En su estudio, hecho sobre la base del modelo de la Asociación de Investigadores de Mercado, Fernández precisa que las clases medias constituyen hoy el 49 por ciento de la población de nuestro país.
La cifra está segmentada en la “clase media baja, 25%; típica, 12%, y emergente,6%. La clase media baja es el segmento más numeroso del grupo C3. Sus ingresos promedios rondan los 900 mil pesos mensuales. La mayoría cuenta con educación media o técnica completa. Su situación financiera es ajustada y sus integrantes dependen fuertemente del sistema público o mixto de salud y son usuarios del sistema público de educación (Slep, Municipalizados, Particular subvencionados)”.
Los sectores vulnerables y de menores ingresos (segmentos D y E) conforman el 50% del país. El sector D/vulnerables tiene ingresos cercanos a los 500 mil pesos, cercanos al sueldo mínimo. Realizan trabajos precarios no calificados o de servicios básicos. Tienen altos niveles de endeudamiento para cubrir sus necesidades básicas.
La pobreza (13%) representa a los hogares con menores ingresos de Chile (promedio bajo los 400 mil pesos). Tiene una alta precariedad laboral e inestabilidad y temporalidad de sus ingresos.
La clase alta consolidada (1%) es la élite económica. En los últimos años este grupo tiene ingresos familiares superiores a los 6 millones 500 mil pesos mensuales. El 99% son profesionales universitarios, muchos con posgrados en universidades privadas del país o del extranjero. En la Región Metropolitana viven principalmente en las comunas de Vitacura, Lo Barnechea, Las Condes y Providencia. “Fachistan”, como llaman algunas personas a esas comunas.
Opciones presidenciales
“En el Siglo XXI -precisa Fernández- la estructura laboral ha pasado de una división tradicional (obrero versus patrón) a una configuración mucho más compleja, marcada por la tercerización de la economía, la expansión de las clases medias, la persistencia de brechas estructurales y la agudización de las desigualdades”. Esto ha implicado la construcción de una percepción y representación social marcada por el individualismo y una aceptación de la sociedad de mercado acrítica.

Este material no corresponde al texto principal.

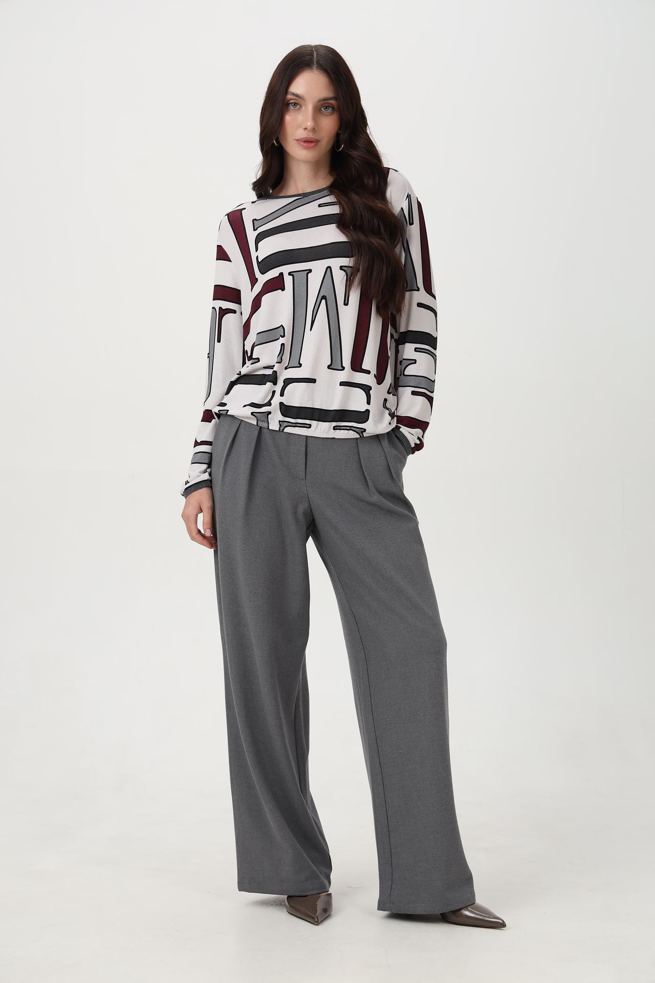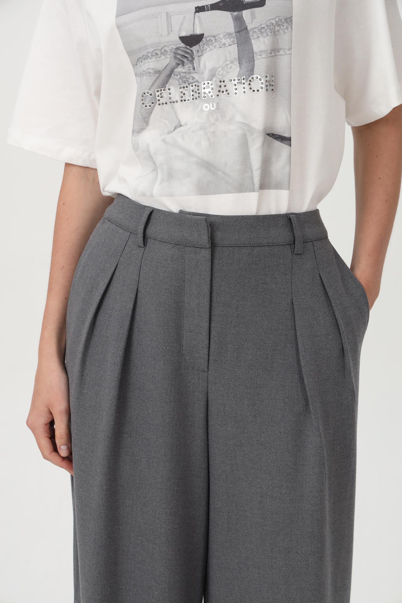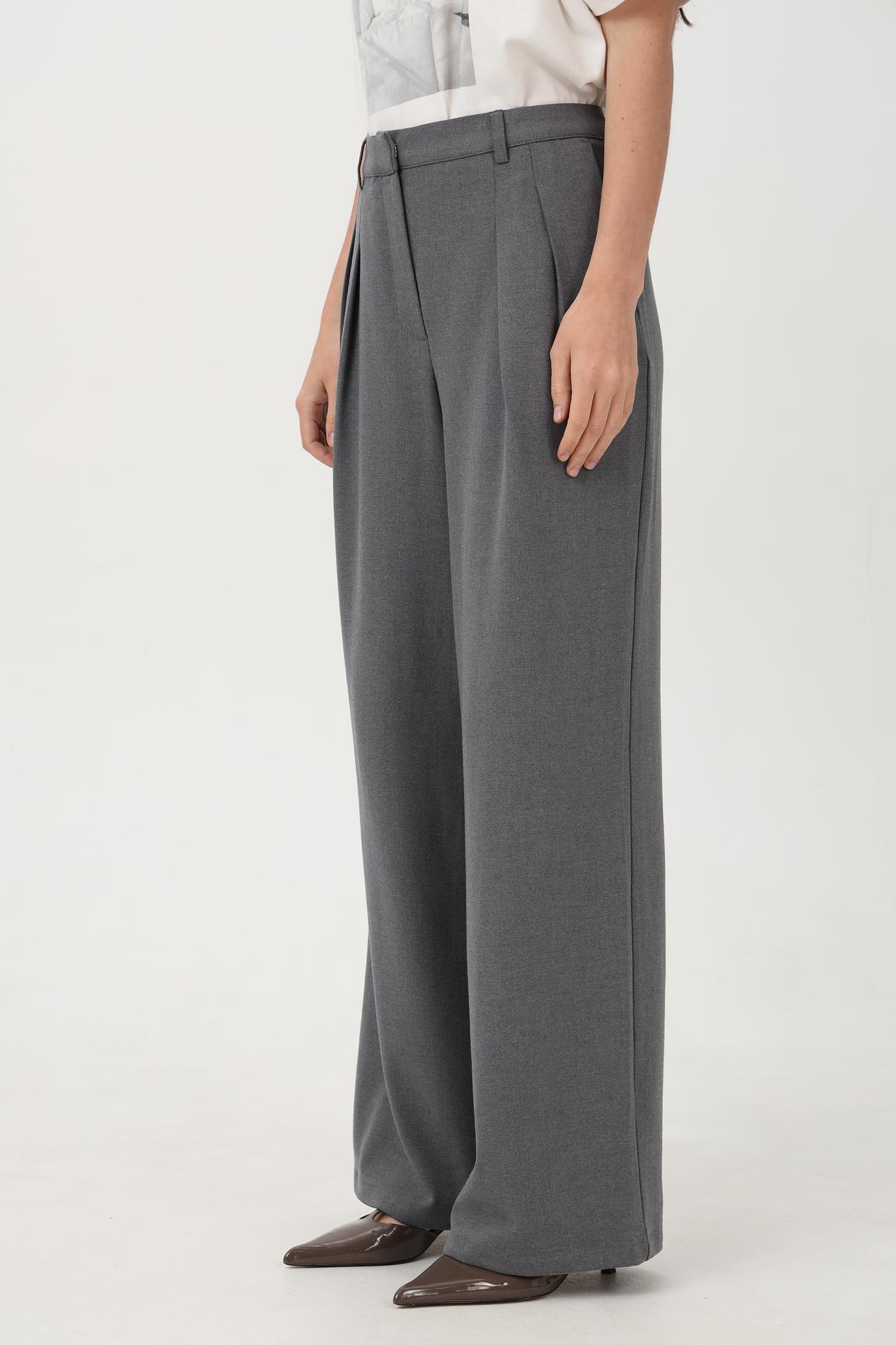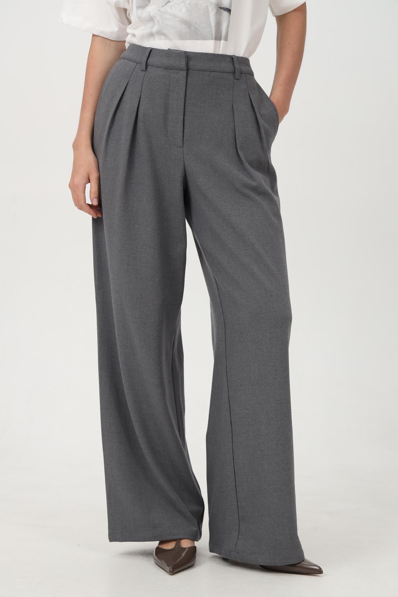 - Крой: Широкие брюки с высокой талией и элегантными стрелками. Этот фасон визуально вытягивает силуэт и придает образу утонченность.

El profesor Fernández asegura, en las opciones presidenciales de la segunda vuelta, que: “José Antonio Kast logró una coalición transversal uniendo a las élites que buscan estabilidad económica con sectores populares (clase baja) preocupados por la seguridad y la inmigración, especialmente esta última como una competencia por puestos de trabajo y beneficios sociales inmerecidos. En tanto, en el caso de Jeannette Jara, su apoyo se concentró en la clase media baja y sectores profesionales jóvenes pero perdió terreno en los grupos más vulnerables ante el discurso de seguridad. El giro del sector D -histórica e hipotéticamente asociado a posiciones de la izquierda de buena parte del siglo 20- significó migrar hacia la derecha debido a la crisis de seguridad”.
Otros dos hallazgos claves son la integración de los “votantes obligados” (sectores que no participaban antes del sistema electoral) y que “benefició a las posturas más pragmáticas y de orden, a menudo asociados a la derecha y la ultraderecha”.
Resulta relevante resaltar que los grupos vulnerables que se inclinaron por José Antonio Kast “se caracterizan por el deseo de pertenecer a una clase superior, un afán de aspiracional y de alienación ideológica. Subsiste la idea de que han sido engañados por los medios de comunicación o por la campaña del miedo junto con la presencia de activistas con ideología neoliberal en el mundo popular. Ser afianza la concepción individualista de la vida. Emerge la priorización del bienestar familiar y la propiedad privada por sobre los derechos sociales colectivos”.
La victoria de Kast también movilizó a millones de votantes desideologizados que “asociaron al Partido Comunista y a Jeannette Jara con la inestabilidad. Vieron en la actitud de los liderazgos de las derechas una garantía de protección ante el crimen organizado y la crisis migratoria. Rechazaron el lenguaje identitario (inclusivo, agendas de minorías) que perciben como ajeno a sus urgencias cotidianas”.